EXERCISE OBJECTIVE
Using the listing below, print the line containing "Duschthermostat digital Ganzkupfer-Düsenverstärker-Set", the line containing "American Federal (19th", and each line between them, exactly and nothing else. Pictures stay out of the print.

---------- DATASET CONTENT

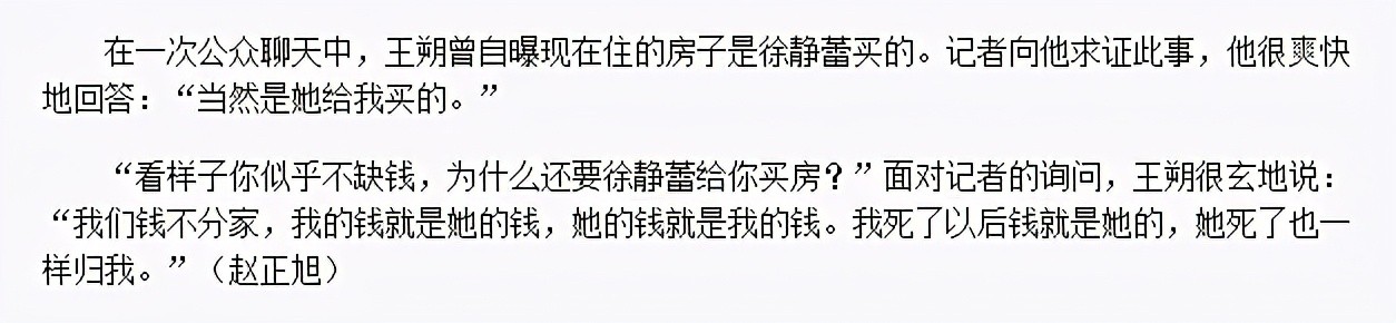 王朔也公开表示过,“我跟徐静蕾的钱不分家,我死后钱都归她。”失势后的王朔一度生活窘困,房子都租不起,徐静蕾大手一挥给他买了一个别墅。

--------------------
---------- DATASET CONTENT

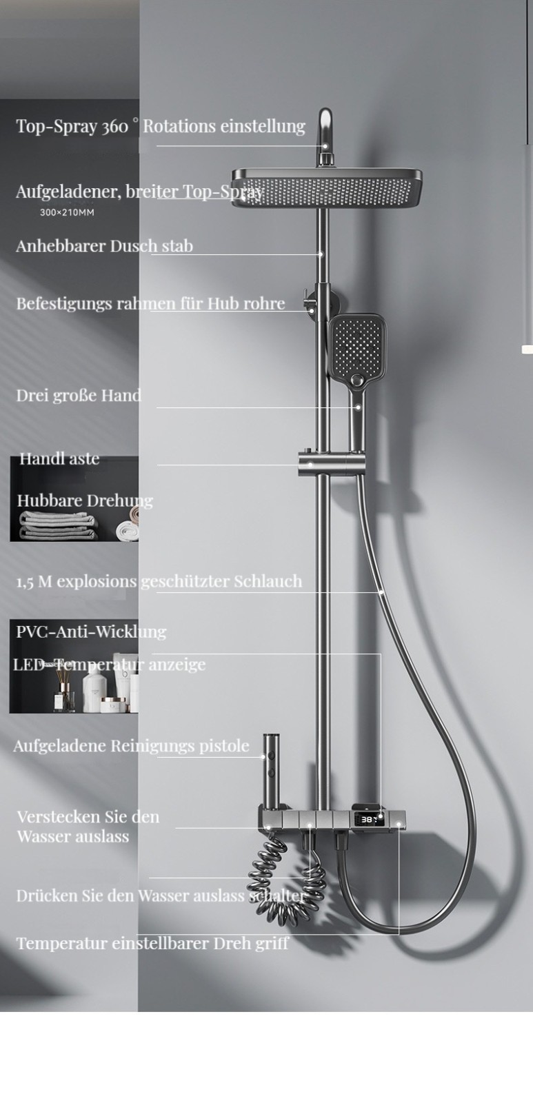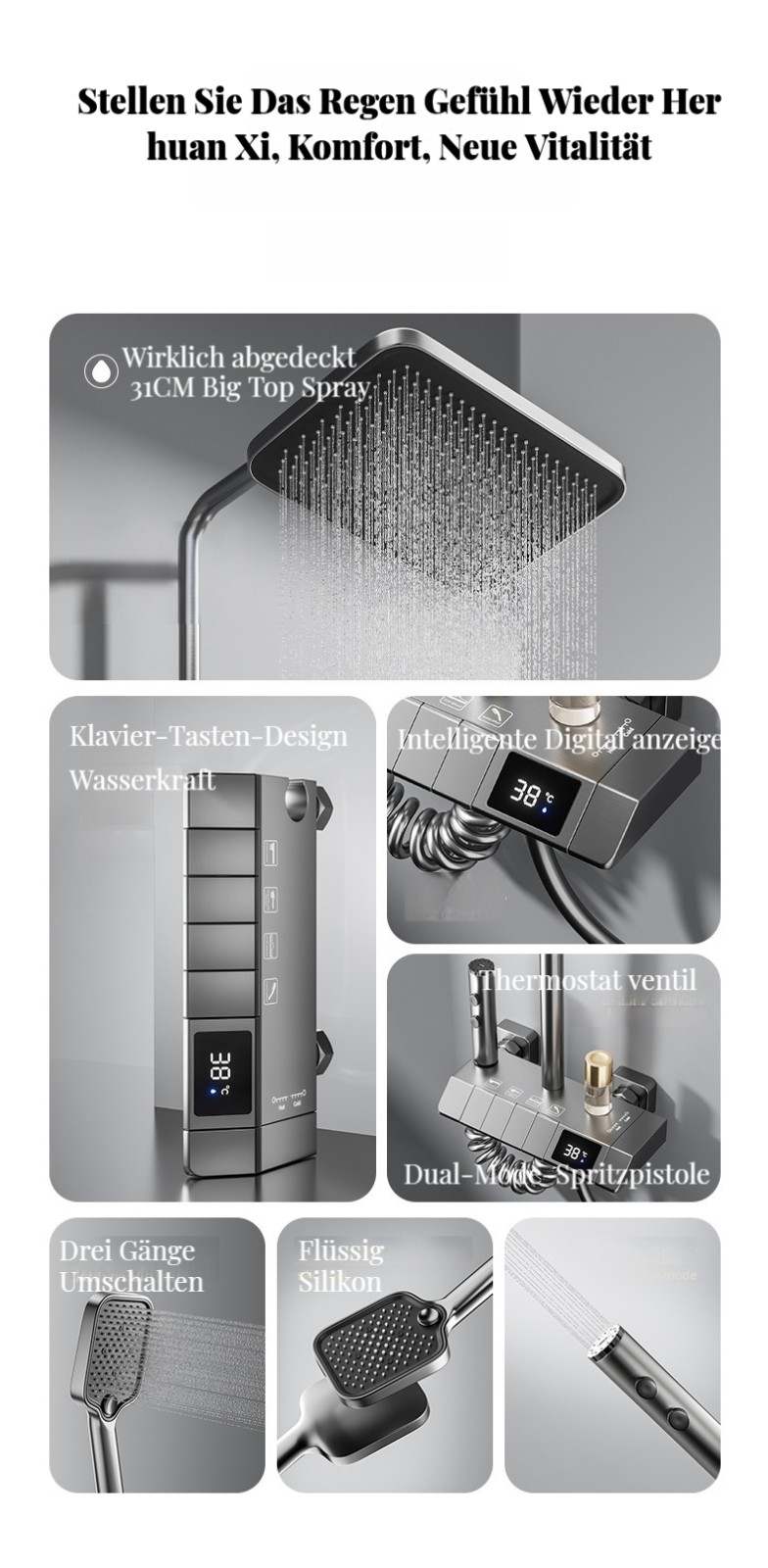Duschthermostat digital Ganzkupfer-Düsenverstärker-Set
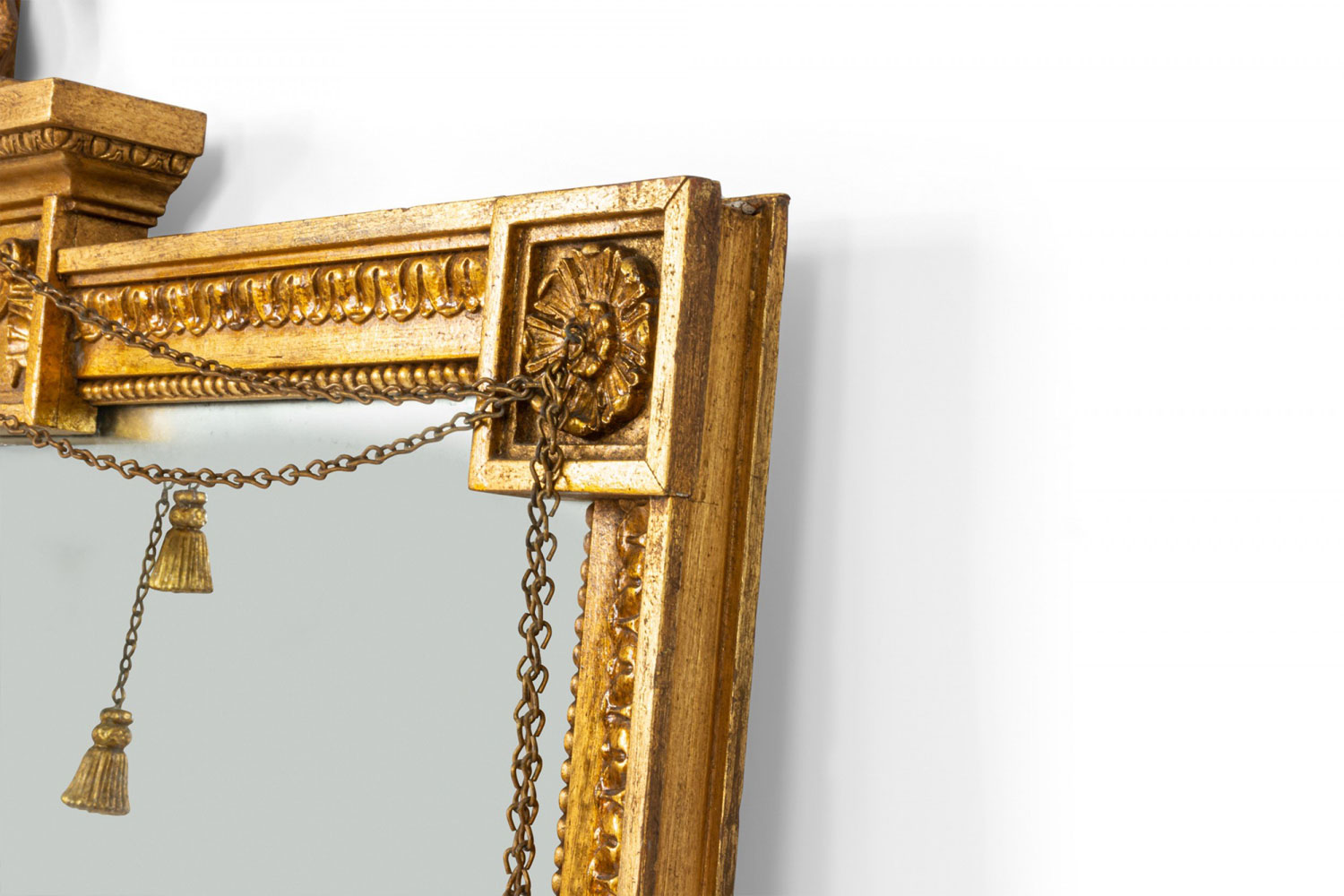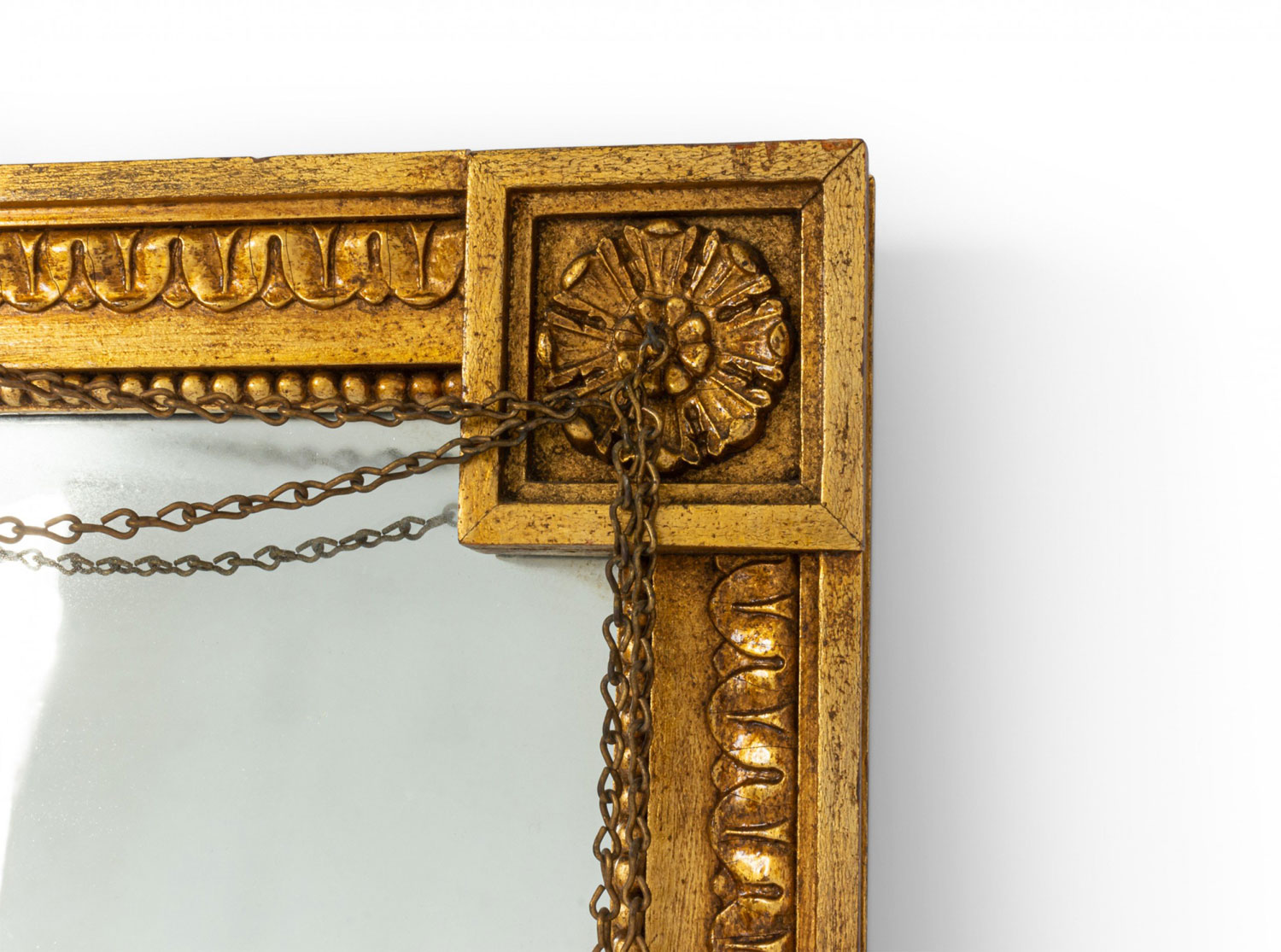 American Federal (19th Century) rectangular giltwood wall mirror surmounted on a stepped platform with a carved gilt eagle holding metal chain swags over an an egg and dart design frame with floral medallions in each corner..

--------------------

YOUR RESPONSE
Duschthermostat digital Ganzkupfer-Düsenverstärker-Set
 American Federal (19th Century) rectangular giltwood wall mirror surmounted on a stepped platform with a carved gilt eagle holding metal chain swags over an an egg and dart design frame with floral medallions in each corner..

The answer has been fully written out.